To perform supervised or unsupervised tasks on image data, like object detection or image compression (dimension reduction) one could always use the (raw) pixel values directly as features. This naive approach however has been shown experimentally to produce low quality results in virtually all machine learning tasks involving natural images*. An alternative, more efficient approach would be to represent an image by making use of its edge content, as illustrated in Figure 1 which shows an image (left panel) along with a corresponding image comprised of its most prominent edges (right panel).
The edge-detected image in the right panel of Figure 1 is an efficient representation of the original image in the left panel in the sense that we can still tell what the image contains while throwing away a lot of information from the majority of the pixels that do not belong to any edges.
This is true in general: the distinguishing information in a natural image is largely contained in the relatively small number of edges in an image [1,2]. Interestingly, this fact is also confirmed by visual studies performed largely on frogs, cats, and primates, where a subject is shown visual stimuli while electrical impulses are recorded in a small area in the subject's brain where visual information is processed. These studies have determined that individual neurons involved in early stages of visual processing roughly operate by identifying edges [3,4]. Each neuron therefore acts as a small "edge detector," locating edges in an image of a specific orientation and thickness, as shown in Figure 2. It is thought that by combining and processing these edge detected images, humans and other mammals "see."
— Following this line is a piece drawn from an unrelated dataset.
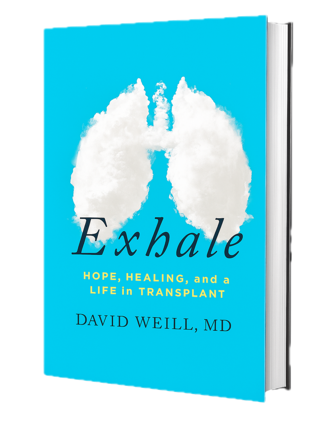 “Dr Weill, I loved listening to your book and hearing you tell your story. You were so honest and authentic. Dr. Weill was my daughter's adult CF physician and Transplant physician at Stanford during the entire period he shared in this memoir. We were always so grateful that he was her physician and are honored to know him. Listening to the book was especially poignant to me as I know his voice and could see him in my mind throughout the hospital and in Palo Alto where we also lived. He described himself and the struggles of CF and transplant patients so well. His story is true to how we knew him and this field of transplantation. Our daughter was a success story thank goodness but not without the trauma of having a critically ill adult child and the rigors of transplant that are no walk in the park, but is also a miracle. If you want to read about an excellent physician and his inner life and the true story of lung transplantation then Exhale is an excellent read. So grateful you wrote this book and we will share it with the ones we love. I hope that people understand the remarkable work of transplantation from Exhale and the miracle gift that is offered by donor families. Because of the gift given to our daughter she is living a life of her dreams even with a new baby born of a surrogate mom and being married to her soulmate albeit it is still not always smooth sailing. Becoming a transplant patient is giving up one disease for another complication or two if you have a successful transplant but in her case it is all so worth it and we are so indebted to Dr. Weill.

Motivated by our discussion in the previous subsection, here we design a feature extraction scheme based on the information provided by edges of different orientation within an image. This is indeed the basis of many popular engineered features, including Histogram of Oriented Gradients (HoG) [5] and Scale-Invariant Feature Transform (SIFT) [6].
Edges can be detected within an image using convolution. Recall from our post on convolution operation, that convolving an image with appropriate horizontal and vertical kernels gives image gradients in those directions where large pixel values indicate high edge content. Additional kernels can be added to the mix to detect edges that are not horizontal /vertical but are at an incline. For example, the eight kernels shown below each correspond to one of eight equally (angularly) spaced edge orientations, starting from 0 degrees with seven additional orientations at increments of 45 degrees.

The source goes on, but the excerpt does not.